*AIM OF THE TASK*.
Without the pictures, repeat the listing character for character.

*SUPPLIED MATERIAL*.
*-*-*

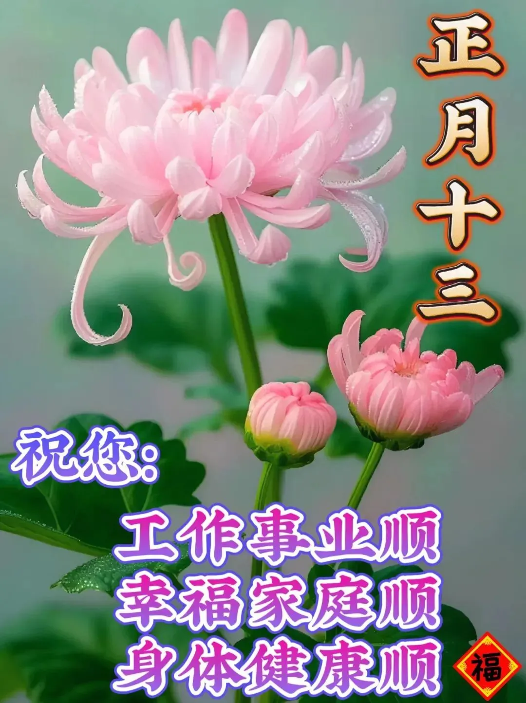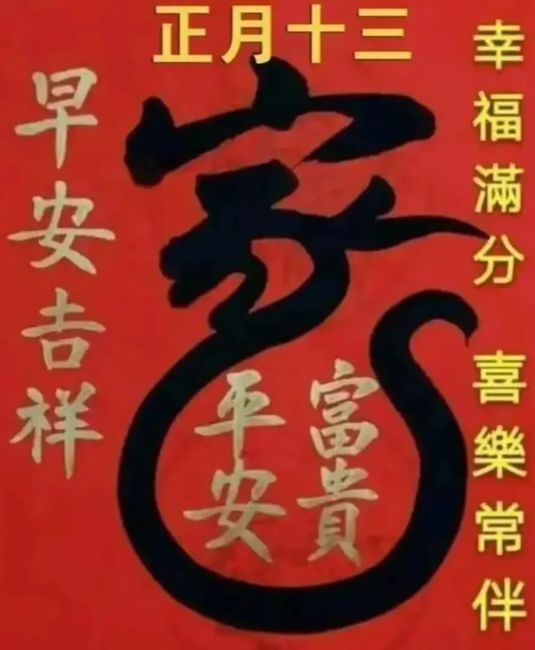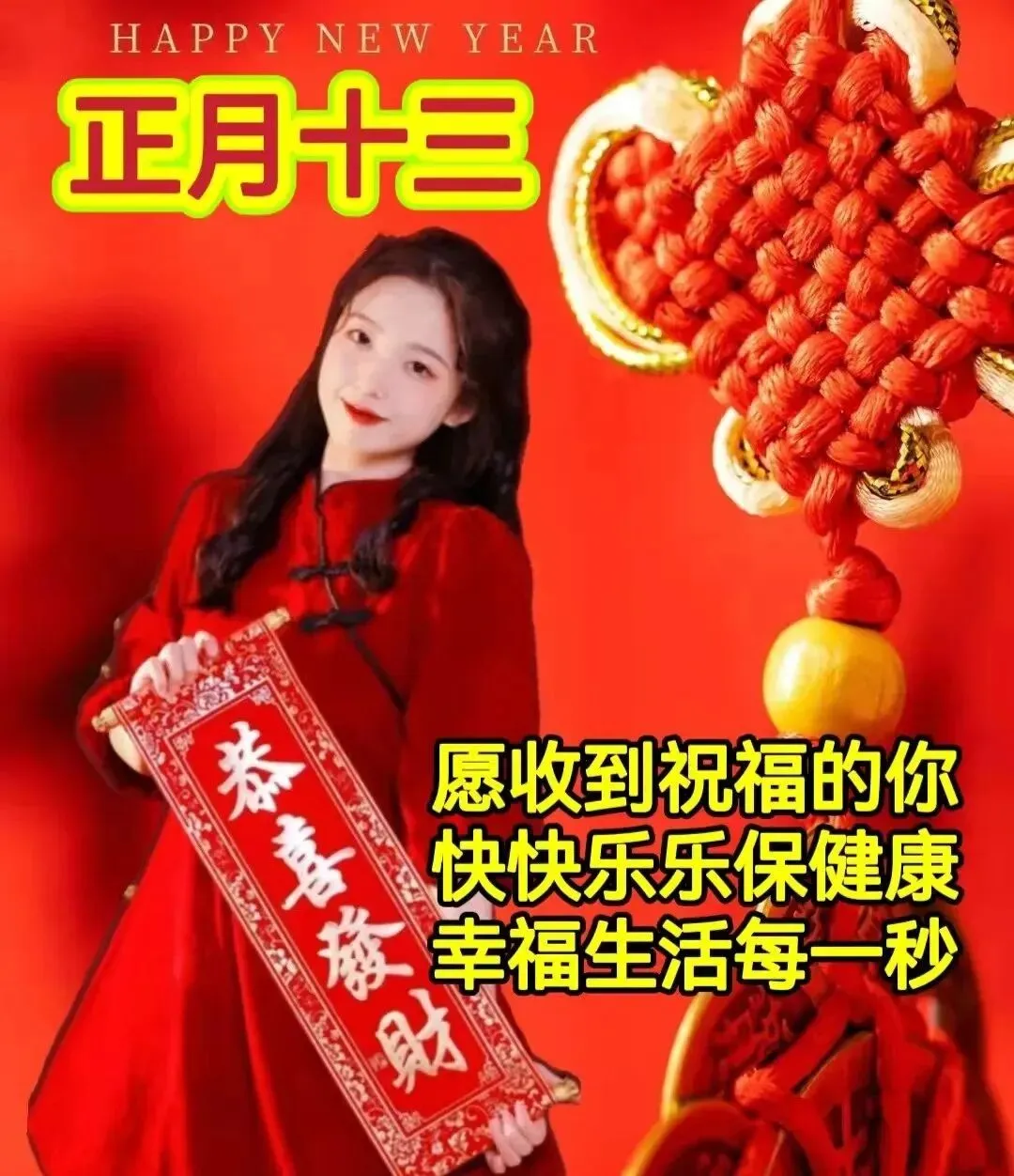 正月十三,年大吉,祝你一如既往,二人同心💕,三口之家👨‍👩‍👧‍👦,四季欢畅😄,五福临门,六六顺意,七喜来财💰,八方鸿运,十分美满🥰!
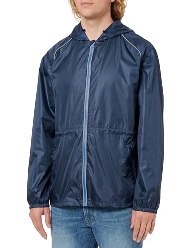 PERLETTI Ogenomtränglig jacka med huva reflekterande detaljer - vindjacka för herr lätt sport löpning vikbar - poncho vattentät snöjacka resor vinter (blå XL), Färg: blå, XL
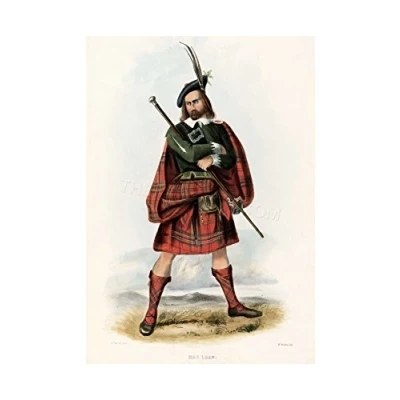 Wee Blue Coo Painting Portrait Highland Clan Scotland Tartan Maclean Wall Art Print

*-*-*

*RESULT*.
 正月十三,年大吉,祝你一如既往,二人同心💕,三口之家👨‍👩‍👧‍👦,四季欢畅😄,五福临门,六六顺意,七喜来财💰,八方鸿运,十分美满🥰!
 PERLETTI Ogenomtränglig jacka med huva reflekterande detaljer - vindjacka för herr lätt sport löpning vikbar - poncho vattentät snöjacka resor vinter (blå XL), Färg: blå, XL
 Wee Blue Coo Painting Portrait Highland Clan Scotland Tartan Maclean Wall Art Print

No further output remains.